US Treasury yields peaked early in the month, falling first on news of weaker-than-expected job growth in the August employment report.

In the wider economy the dataflow has continued to be fairly positive. Whatever about the most recent employment data, consumer confidence remains firm in the US, slightly lower in September than August but still much stronger than earlier in the year. Business sentiment remains positive, with the ISM Manufacturing Index hitting a 28 month high of 55.7 in August.

The improvement in European data continued. The Ifo survey in Germany rose again in September, suggesting an acceleration in growth in the third quarter. This was echoed in eurozone wide data. In the UK, unemployment fell to 7.7% in the three months to July from 7.8% in the preceding period.

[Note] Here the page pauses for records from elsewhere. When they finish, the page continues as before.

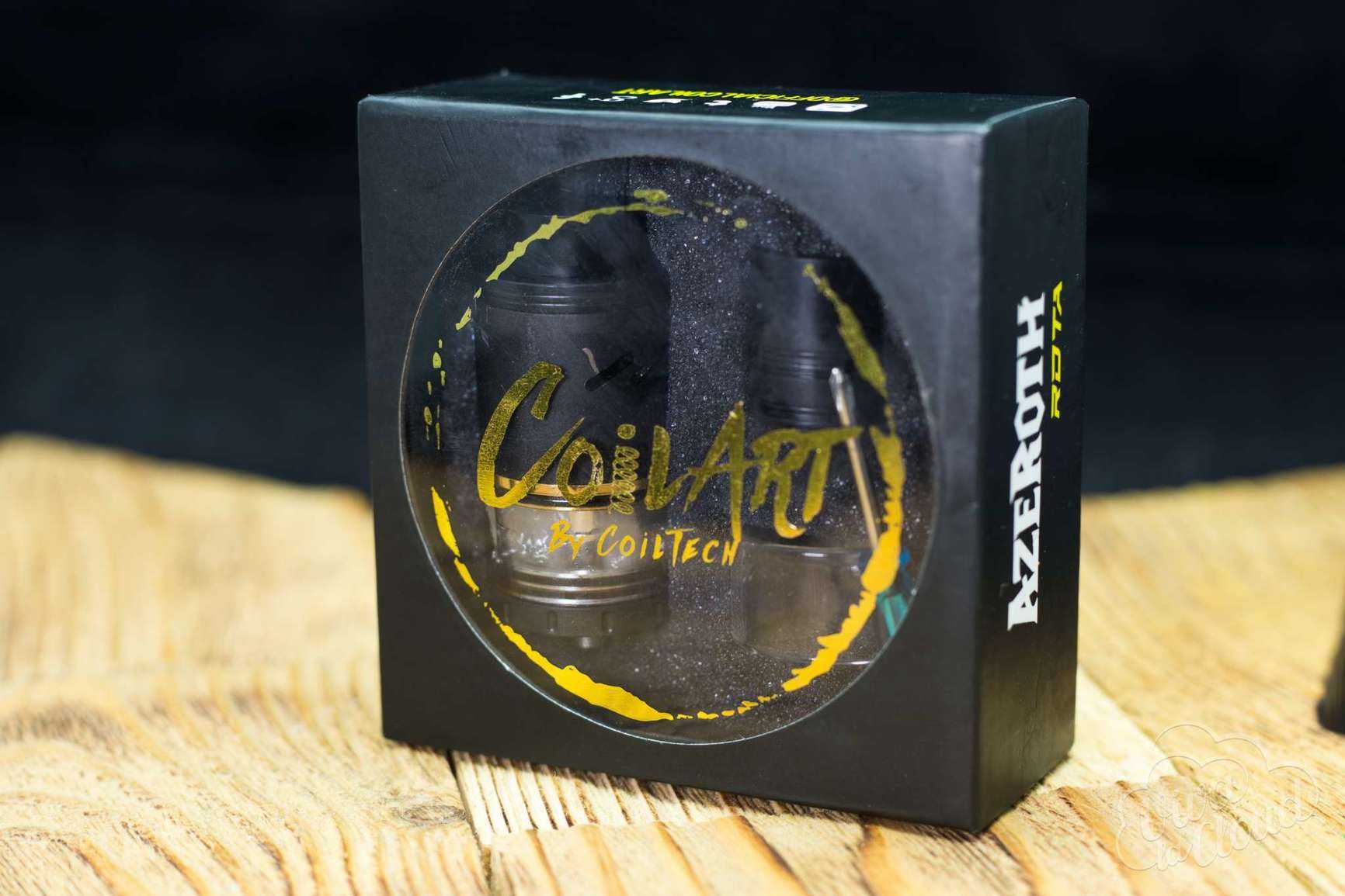 Поставляется Azeroth RDTA в уже привычной коробке для продуктов Coilart — это черный картон с вставкой из прозрачного пластика, где поверх нанесен логотип компании.
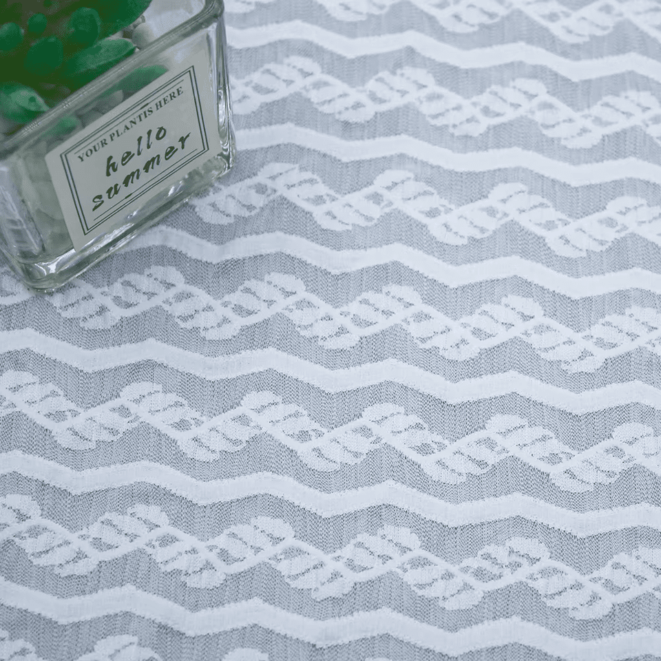 Elevate your creations with our Factory Wholesale Designer Fabric in pure white spandex/nylon mesh lace. This exquisite, lightweight lace features intricate patterns perfect for crafting elegant wedding dresses, bridal accessories, and special occasion attire. Enjoy the perfect blend of stretch and style, making it ideal for both comfortable wear and stunning designs.
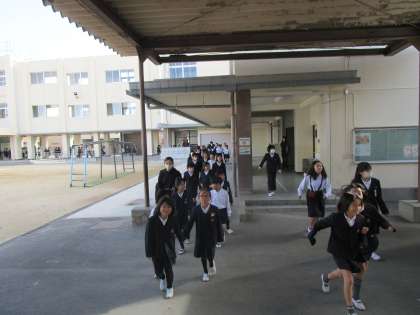 2時間目に、侵入者があったことを想定した避難訓練を行いました。
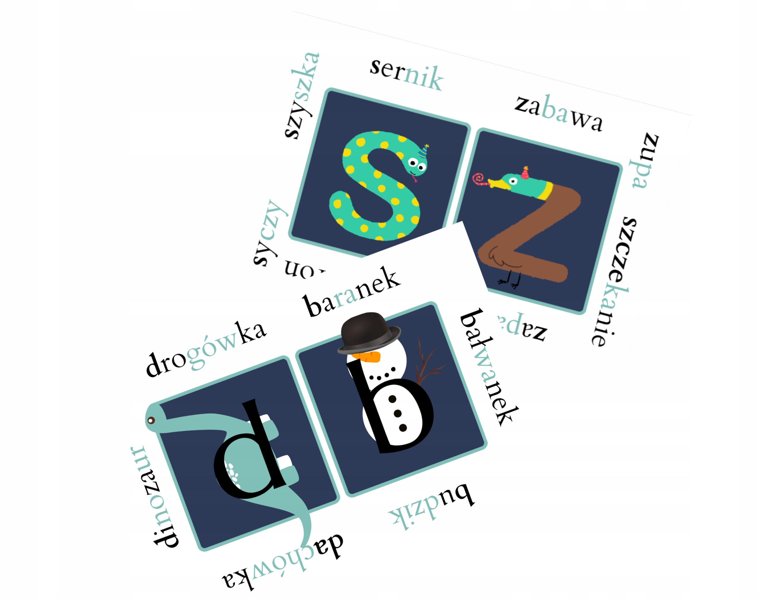 - картки з малими та великими літерами алфавіту та малюнками, які допомагають дітям їх запам'ятати. Крім того, в наших картках ми розширили набір літер, додавши до нього орграфи, які стає важко поєднувати в тексті під час навчання читання. Створено для найменших дітей віком від 3 років, які вивчають букви.
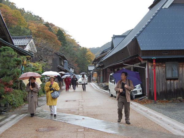 予定には無かったが「若狭フッシャーマンズ・ワーフ」に立寄り、若狭名物の焼き鯖・鯖寿司・越前ガニ等をお土産として購入。この間も雨は降ったり止んだりで、次の目的地「熊川宿」では傘をさして約1.5kmを散策。
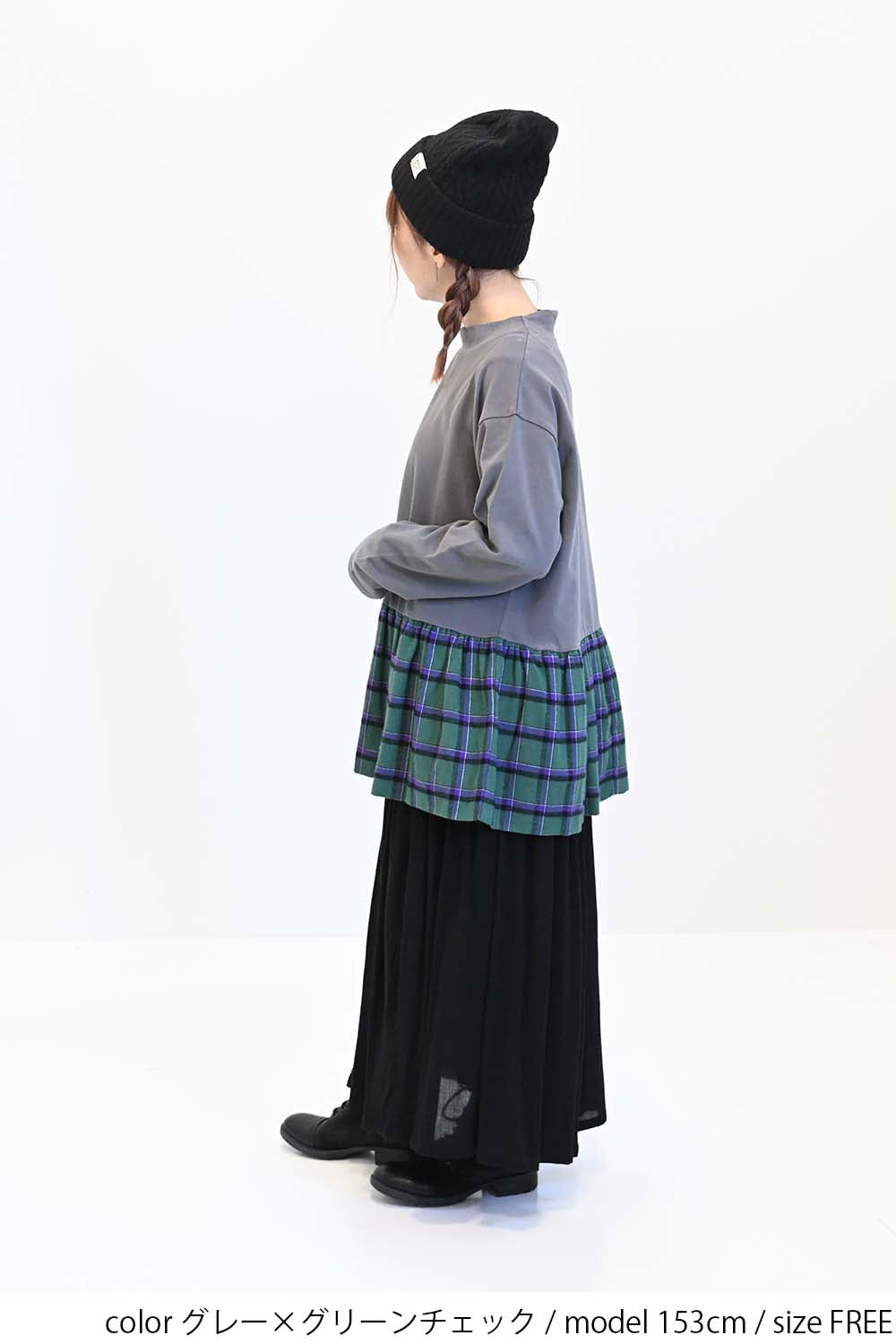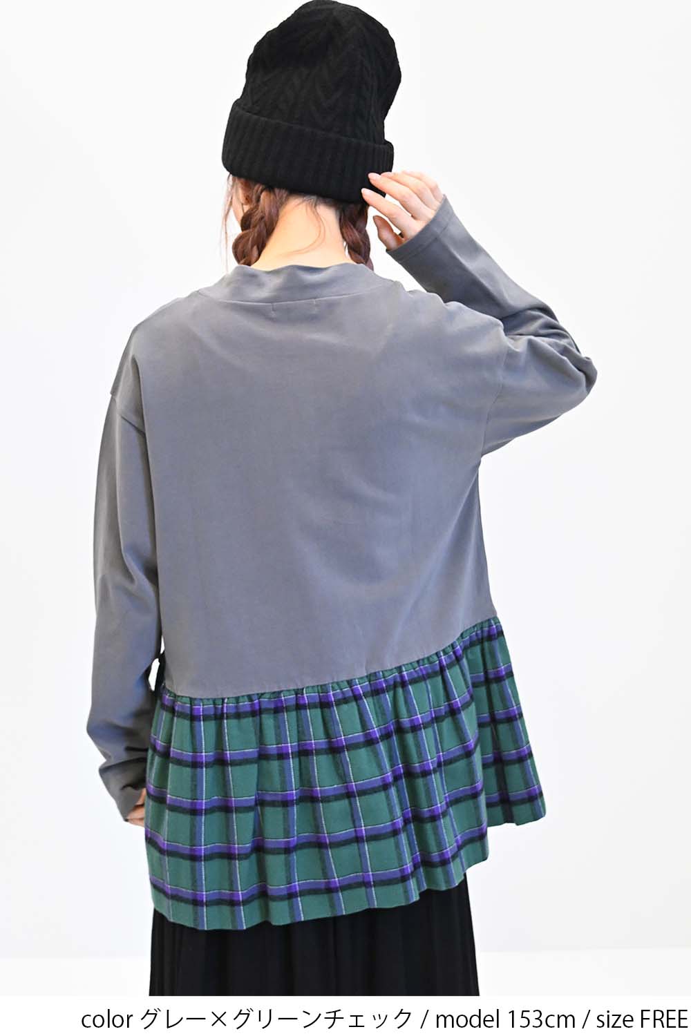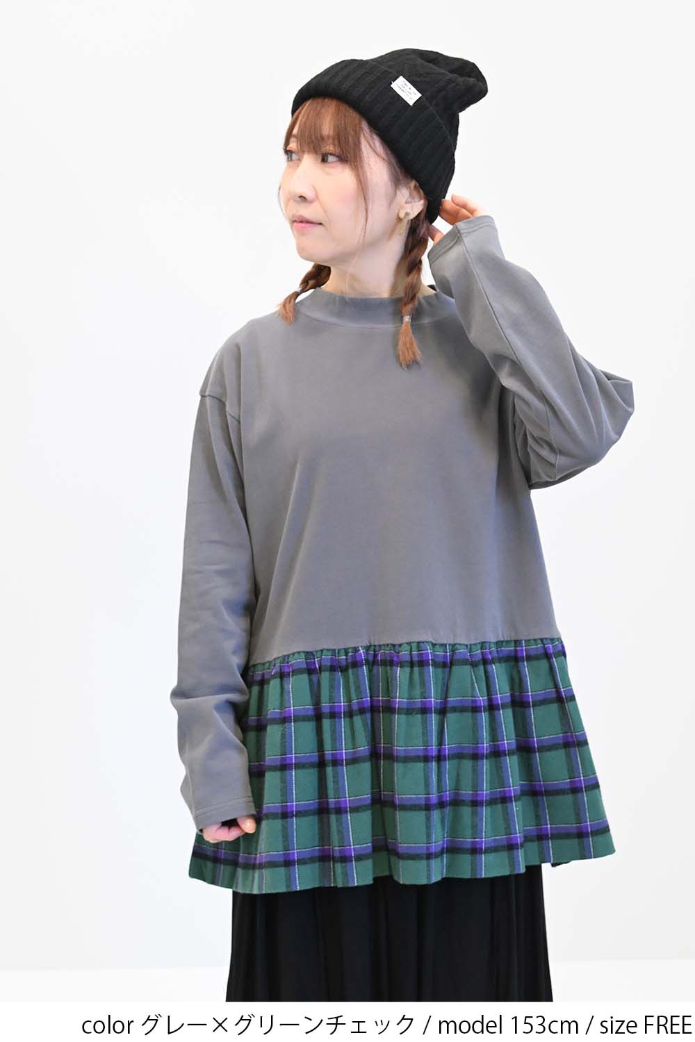 ウエスト下をチェック柄で切り替えた、大人可愛いペプラムチュニック。
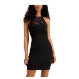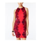B DARLIN $59 MSRP Womens Body Con Short Dress Red Zippered Sleeveless Halter Party Printed Juniors 1\2 |
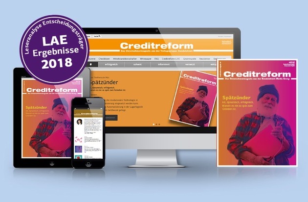 Das Unternehmermagazin Creditreform aus der Handelsblatt Media Group verzeichnet den stärksten Reichweitenzuwachs unter den Monatsmagazinen bei der Reichweitenstudie LAE 2018 - "Leseranalyse Entscheidungsträger in Wirtschaft und Verwaltung" - und beweist sich als zentraler Titel für die Mediaplanung im Mittelstand.
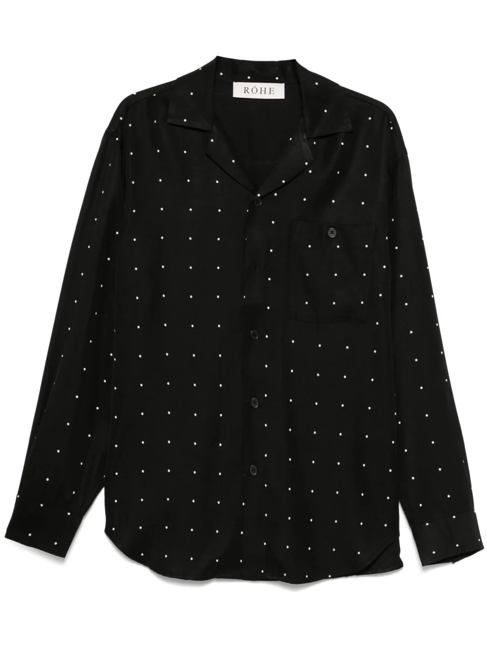 polka-dot shirt Highlights - Black - Front button fastening - Buttoned cuffs - Chest patch pocket - Curved hem Imported Composition Viscose 60%, Lyocell 40% SIZE & FIT Model measurements Height 6 ft 2 in(1.87 m) Bust/Chest 36.41 in(92.5 cm) Hips 35.43 in(90 cm) Waist 29.52 in(75 cm) FittingInformation Designed to be unstructured, offering a loose fit throughout Made from a midweight non-stretch fabric
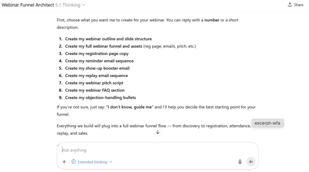 I was ready to give up on webinars for good. Then, in a panic, I bought the (PLR) Webinar Funnel Architect (Premium GPT) on a whim for less than the cost of a lunch delivery. I had zero expectations.

Having risen to 3%, the yield of the 10-year Treasury closed September at 2.61%, a fall of 17 basis points for the month. Gilts and bunds broadly reflected the Treasury market, with yields falling on the Fed’s decision to postpone tapering. Bunds were also boosted by political instability in Italy.

An expected exception

According to data from Merrill Lynch, Treasuries had a total return of 0.8%, compared to 0.7% for bunds and 0.8% for gilts, in local currency terms.

Italian government bonds underperformed other eurozone peripherals, returning -0.1%. Corporate bonds performed approximately in line with governments, with lower credit quality categories outperforming, helped by their higher yields.

Sterling investment grade corporates returned 0.9%, with BBB returning 1.1%. Financials outperformed, with subordinated bank debt among the strongest areas of the market.

With reduced expectations for US monetary tightening, the dollar was weak, falling 4.4% against sterling and 2.3% against the euro.